▸ Brief:
The listing below should be reproduced exactly, with the pictures omitted.

▸ Dataset section:
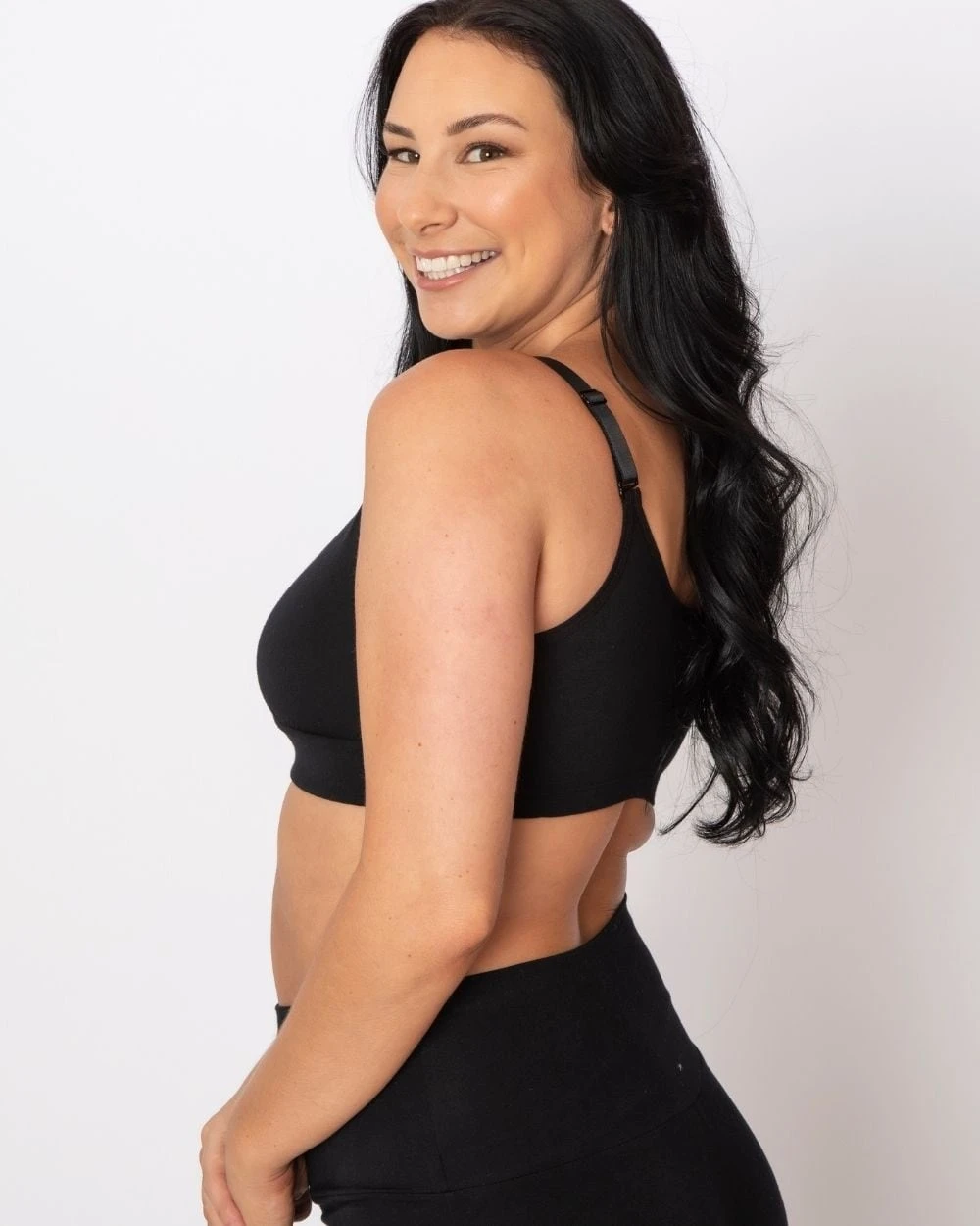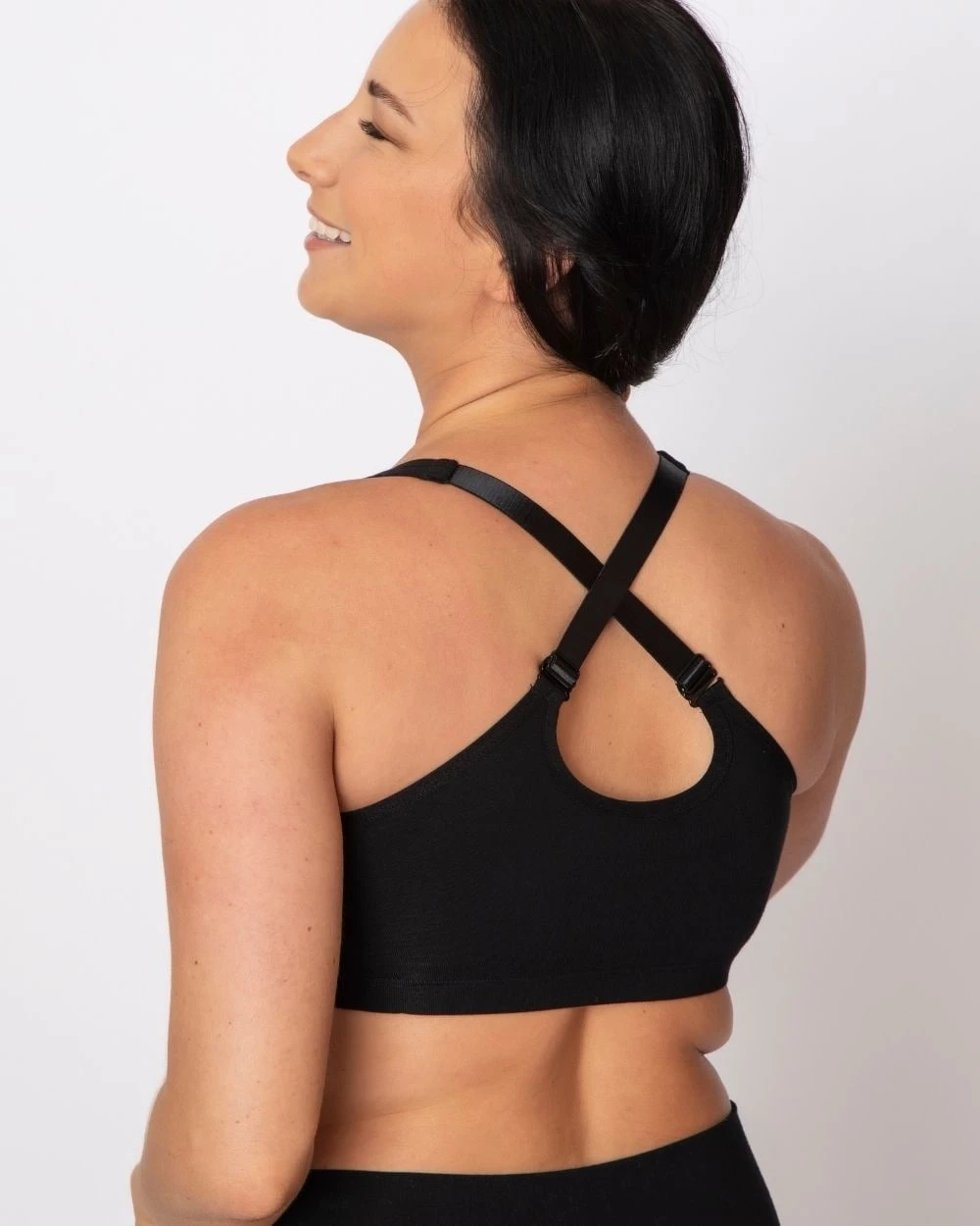 Super soft front close bra with pocketed cups makes dressing easy, great for breast surgery recovery.
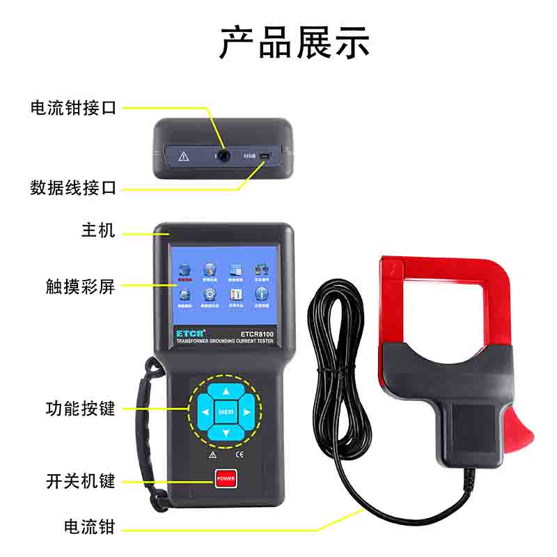| ETCR8100B變壓器鐵芯接地電流測試儀 | AC 0.00mA~100A | 10Hz~1000Hz | 80mm×80mm | 可設置報警閾值 | 100組 |
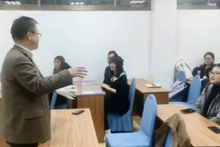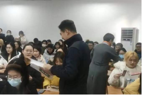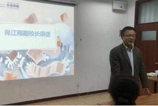 2021年12月17日下午,外语学院在博文楼312室举行“‘研’途送温暖”考研助力活动。校党委常委、副校长肖江南出席活动并送祝福,外语学院党委书记王传永、院长卞建华、党委副书记王海青、2018级本科生辅导员寇磊、徐富萍以及60余名考研学生代表参与了活动。

▸ Your solution:
 Super soft front close bra with pocketed cups makes dressing easy, great for breast surgery recovery.
| ETCR8100B變壓器鐵芯接地電流測試儀 | AC 0.00mA~100A | 10Hz~1000Hz | 80mm×80mm | 可設置報警閾值 | 100組 |
 2021年12月17日下午,外语学院在博文楼312室举行“‘研’途送温暖”考研助力活动。校党委常委、副校长肖江南出席活动并送祝福,外语学院党委书记王传永、院长卞建华、党委副书记王海青、2018级本科生辅导员寇磊、徐富萍以及60余名考研学生代表参与了活动。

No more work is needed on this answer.